_Requirement_
The answer is to be the lines below that lie between the line holding "Resurrection of Lazarus, Rom, Catacombe" and the line holding "US 321 (Lamar", inclusive, transcribed exactly and free of pictures.

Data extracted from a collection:
________________________
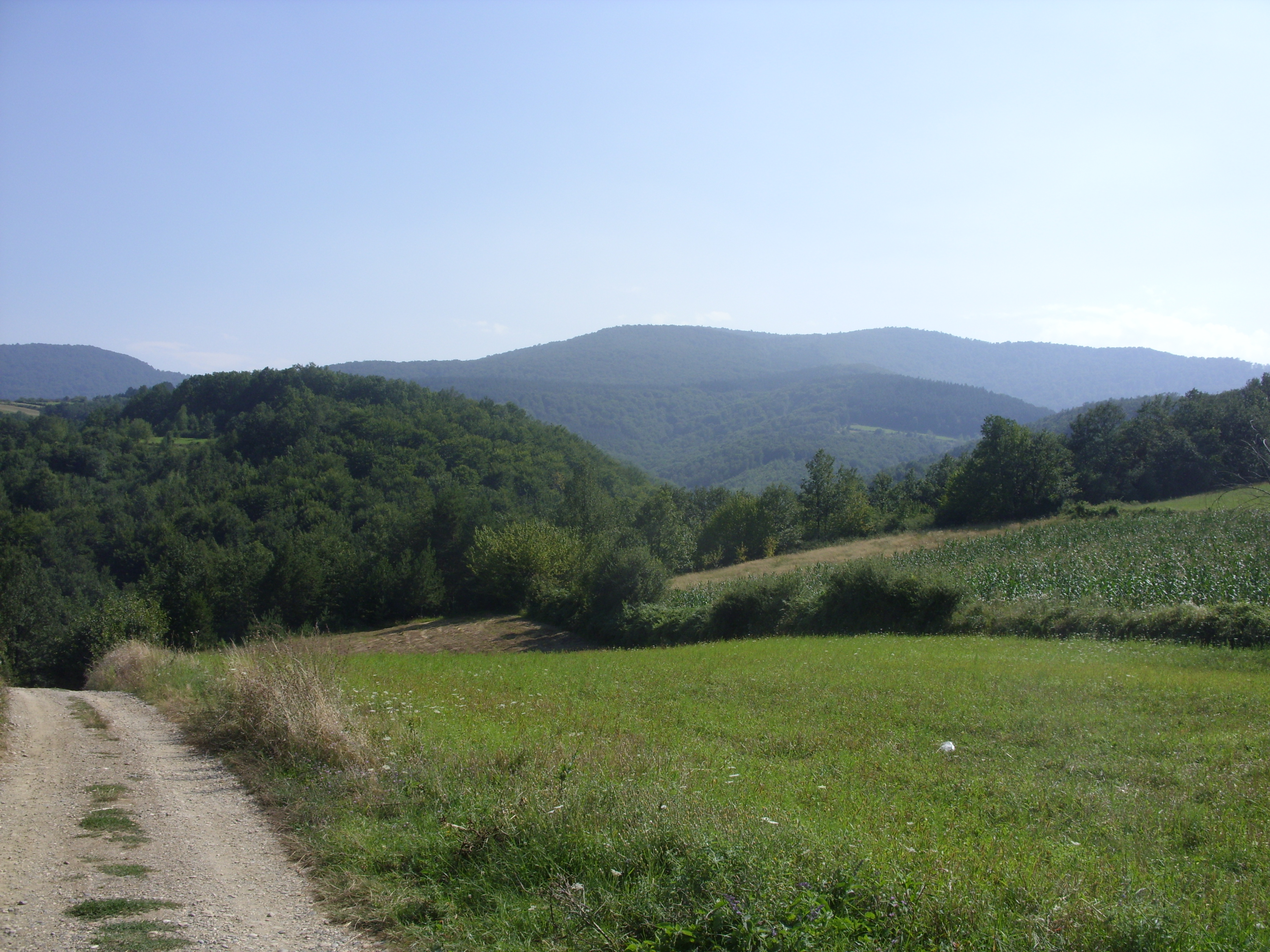 mountain Veliki Jastrebac, Serbia
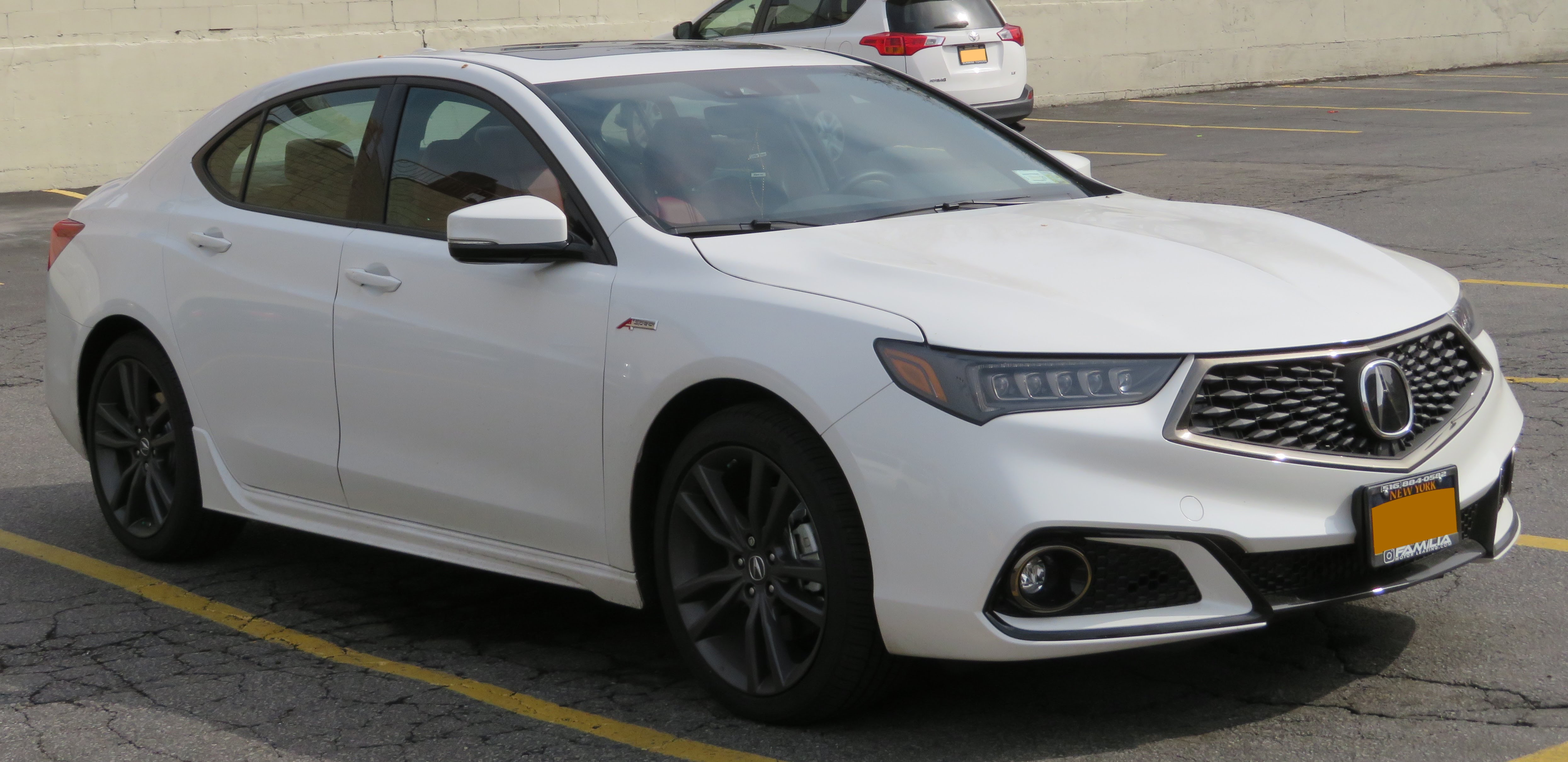 In Queens, New York
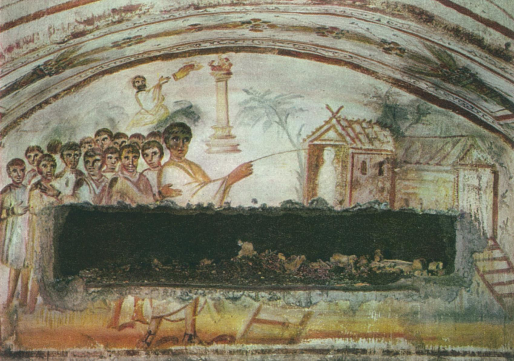 Resurrection of Lazarus, Rom, Catacombe di via Latina, 4th century.
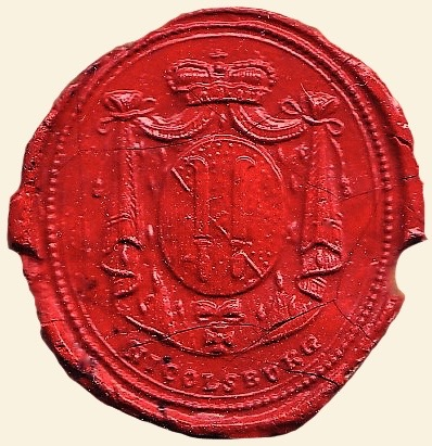 City Mikulov (Nicolsburg) official Seal, 1810
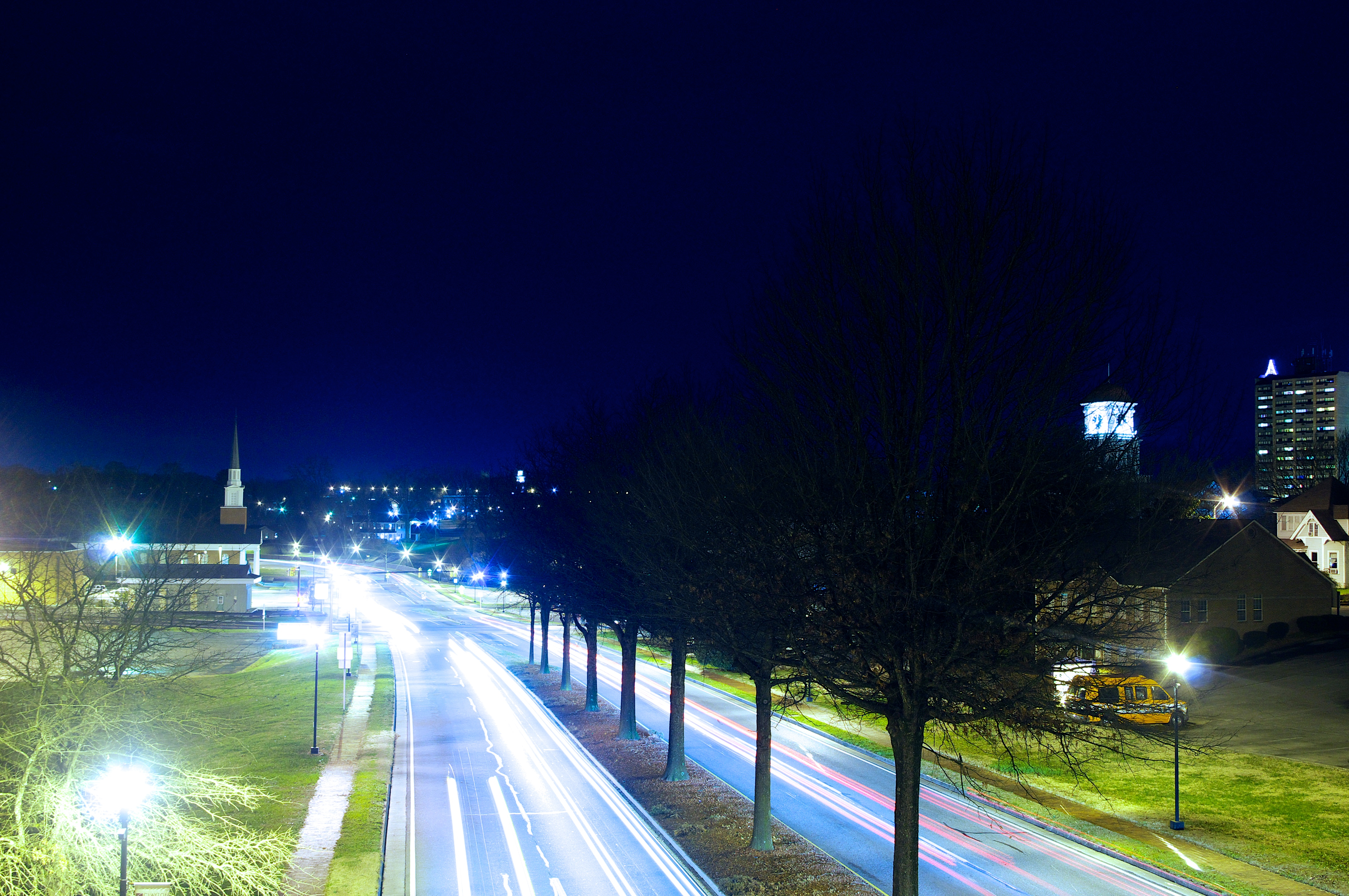 US 321 (Lamar Alexander Parkway) in Maryville, Tennessee, United States, viewed from the bridge over 321 near Maryville College.
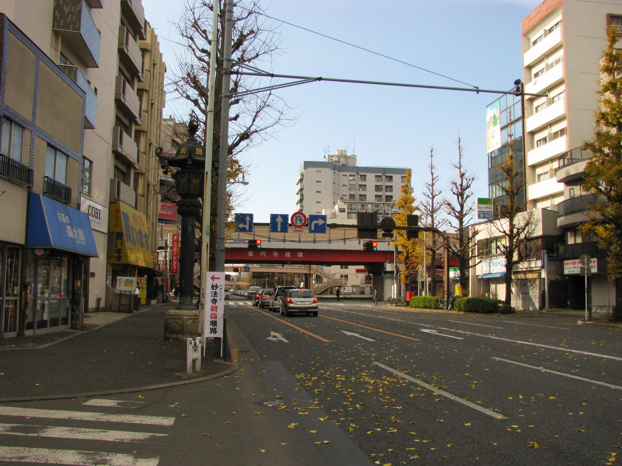 The Tokyo Prefectural Route 4. This location is Wada in Suginami, Tokyo, Japan.
________________________
_Your response_
 Resurrection of Lazarus, Rom, Catacombe di via Latina, 4th century.
 City Mikulov (Nicolsburg) official Seal, 1810
 US 321 (Lamar Alexander Parkway) in Maryville, Tennessee, United States, viewed from the bridge over 321 near Maryville College.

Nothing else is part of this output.